Turbulent-laminar Patterns in Plane Couette Flow

The greatest mystery in fluid dynamics is probably transition to turbulence. The simplest shear flow, plane Couette flow -- the flow between parallel plates moving at different velocities -- is linearly stable for all Reynolds numbers, but nevertheless undergoes sudden transition to 3D turbulence at Re near 325. At just these Reynolds numbers, it was recently discovered experimentally at CEA-Saclay that the flow takes the form of a steady and regular pattern of alternating wide turbulent and laminar bands, tilted at an angle with respect to the streamwise direction.

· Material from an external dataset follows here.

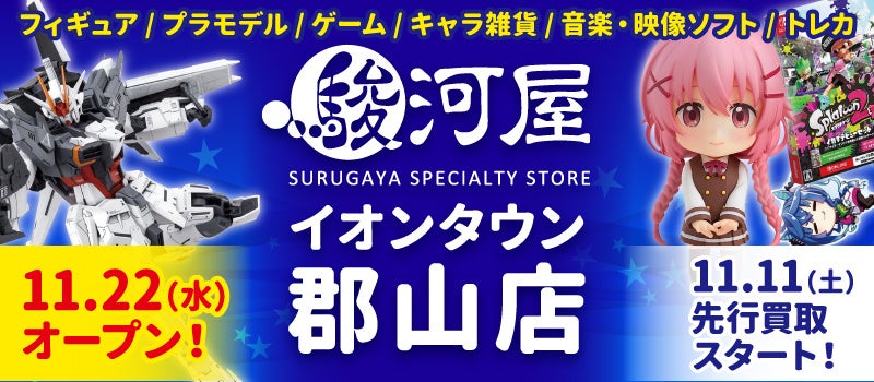11月22日(水)JR郡山駅から徒歩9分、イオンタウン郡山内に「駿河屋 イオンタウン郡山店」がオープンします!

We have been able to reproduce these remarkable flows in numerical simulations of the Navier-Stokes equations. Simulations display a rich variety of variants of these patterns, including spatio-temporal intermittency, branching and travelling states, and localized states analogous to spots. Quantitative analysis of the Reynolds-averaged equations reveals that both the mean flow and the turbulent force are centrosymmetric and can be described by only three trigonometric functions, leading to a model of 6 ODEs. We find that the transition is best described as a bifurcation in the probability distribution function of the power spectrum.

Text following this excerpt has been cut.